If you must have many formulas that use user-defined functions, ensure that you are in manual calculation mode, and that the calculation is initiated from VBA. VBA user-defined functions calculate much more slowly if the calculation is not called from VBA (for example, in automatic mode or when you press F9 in manual mode). This is particularly true when the Visual Basic Editor (Alt+F11) is open or has been opened in the current Excel session.

You can trap F9 and redirect it to a VBA calculation subroutine as follows. Add this subroutine to the Thisworkbook module.

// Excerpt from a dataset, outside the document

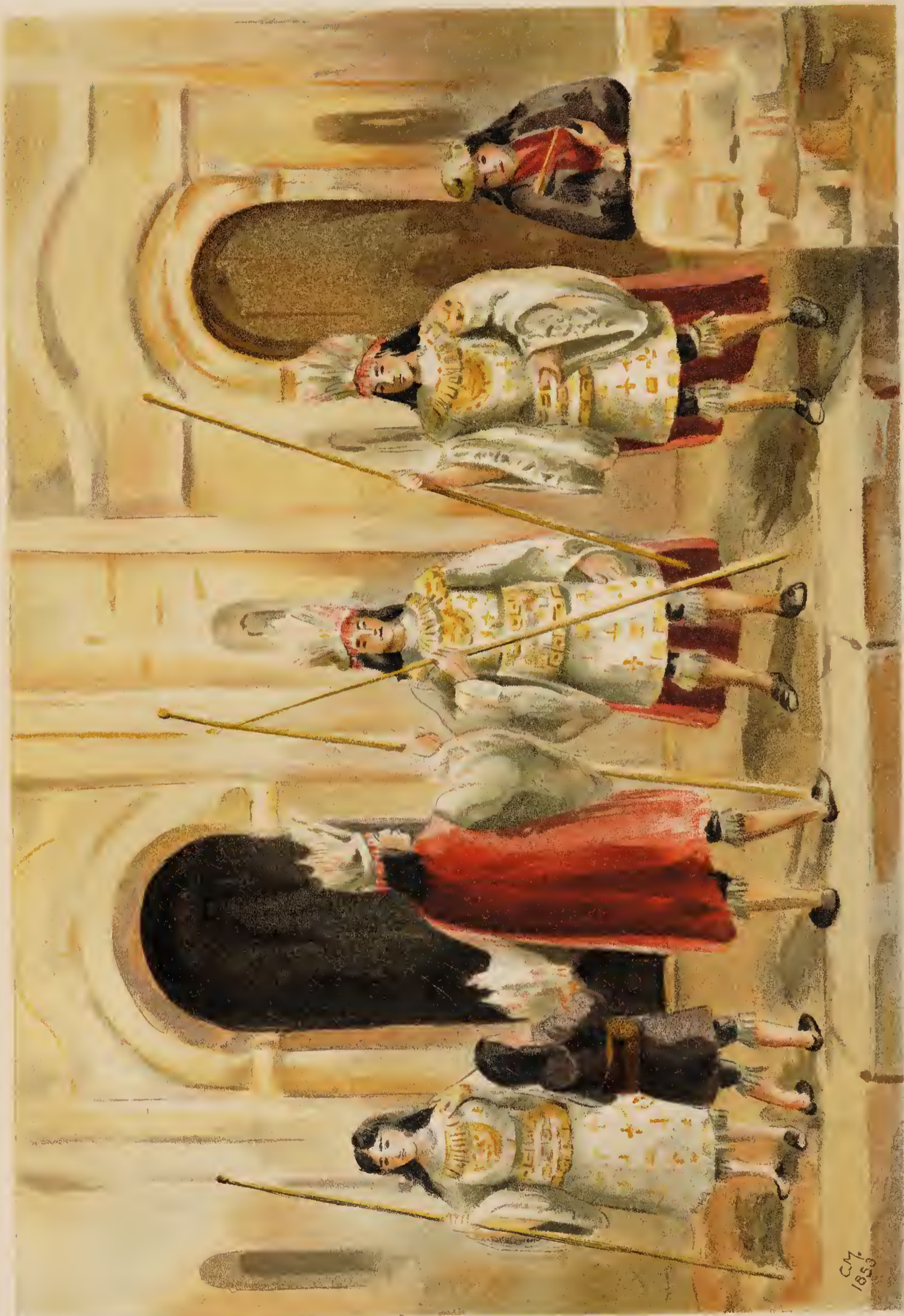
GROUP OF INCAS, in ceremonial dresses, from the pictures in the Church of Santa Ana, Cuzco, A.D. 1570.

From a sketch by Sir Clements Markham, 1853.

  Private Sub Workbook_Open()
      Application.OnKey "{F9}", "Recalc"
  End Sub

Add this subroutine to a standard module.

  Sub Recalc()
      Application.Calculate
      MsgBox "hello"
  End Sub

User-defined functions in Automation add-ins (Excel 2002 and later versions) do not incur the Visual Basic Editor overhead because they do not use the integrated editor. Other performance characteristics of Visual Basic 6 user-defined functions in Automation add-ins are similar to VBA functions.

If your user-defined function processes each cell in a range, declare the input as a range, assign it to a variant that contains an array, and loop on that. If you want to handle whole column references efficiently, you must make a subset of the input range, dividing it at its intersection with the used range, as in this example.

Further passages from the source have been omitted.